The subject of the legal treatment of this issue is not new since the dispute began in the early years 2000. The challenge rests on the application of a section of the Consumer Code, Article L. 122-1 prohibiting sales called "contingent", ie in the jargon of Internet "Michu" tied selling.

The Consumer Code provides:
"It is forbidden to refuse to sell a consumer product or providing a service, without good reason, and make the sale of a product the purchase of a prescribed quantity or the concomitant purchase of another product or another service and to make the provision of a service that another service or purchase a product. "

The application of this provision was the subject of several positions. The decision by the Ministry of Consumer Affairs in a 2005 ministerial response , but also many decisions mainly on local court .
Often
interpretation - divergent - Trial Courts came to an exception mentioned by the Court regarding the sale conditional on: the interests of consumers. Thus, "where commercial practice interest to the consumer " The sale is no longer qualified for conditional sale. And so the debate focused on whether a consumer is interested - at least practical - to have sold a computer with software including an operating system.

On this issue, two cases came before the Court of Cassation.

The first involved the acquisition December 6, 2007 for a Lenovo branded computer equipped with various software. In the absence of any possibility of obtaining reimbursement software, the consumer society then assigned to the local court of Tarascon. The trial judge refused to grant the request because " the parties' agreement was reached on a type of computer complete and ready for use and that the consumer had completed the acquisition, the ability to be reimbursed for the goods in their entirety . "Thus, the magistrate refused on the basis of Article L .122-1 sanction the practice of tying.

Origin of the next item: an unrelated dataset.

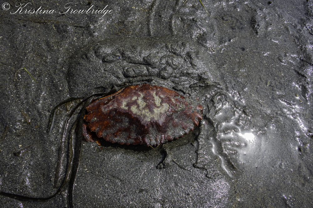 Red Rock Crab burrowing into the sand

But the Supreme Court does not hear the same ear and breaks the Trial Judgement. Indeed, it acknowledges all the upheaval that is undergoing a Part of the French legislation protecting the consumer.

Indeed, French law knows several consumer protection provisions that have the effect of penalizing purely and simply a particular business practice. This is the case of tying, but also selling at a premium or pay operating lotteries. Community law is not the same sense that French law and the automatic condemnation of a practice is rare.

Therefore, in many disputes, the Court of Justice of the European Union recently - one might say - put a slap on some principles of French law because of an incompatibility of the latter with the Directive 2005/29/EC of 11 May 2005 , Commercial Practices Unfair business-to-consumer in the market. Indeed, once a "commercial practice" is involved, the analysis of the legal framework applicable to these business practices must be analyzed under the provisions of the directive and not French law.

Article 2 of the Directive defines, using a particularly wide, the notion of "commercial practice " as "any act, omission, course of conduct or business communication, including advertising and marketing, of a trader, directly connected with the promotion, sale or supply of a product to consumers . The ECJ

had the opportunity to recall and November 9, 2010 (C-540/08, § 21) that " Directive is characterized by a particular field of application extending to a practice that has a direct connection with the promotion, sale or providing a product to consumers. It does so excluded that scope, as is clear from the sixth recital to the directive, the national laws on unfair trade practices that undermine "only" economic interests competitors or concerning a transaction between traders .

Especially, § 30 the decision of the ECJ goes on to note that " the Directive to full harmonization of rules on unfair commercial practices of business-to-consumer, Member States may not adopt, as provided expressly Article 4 of the latter, more restrictive than those set by the Directive, even in order to ensure a higher degree of consumer protection .

Innuendo, national legislation bans that create "pure and simple" not set in the Directive ... fall. And so the practice previously convicted must be analyzed under the principles laid down in the Directive and in particular whether the practice in question " impairs or is likely to materially distort the economic behavior with regard to the product of the average consumer it reaches or it addresses, or the average member of the group when a commercial practice is directed toward a particular group of consumers .

On tying, the Supreme Court takes up this analysis and believes that the Directive " precludes national legislation which, with certain exceptions and regardless of the specific circumstances of the case, prohibits joint bid made by a seller to a consumer, so that Article L. 122-1 of the Consumer Code, which prohibits such joint bids without considering specific circumstances must be applied in accordance with the criteria set by Directive . In short: the judge should not look for the existence of tying, but must find the existence of an unfair trade practice.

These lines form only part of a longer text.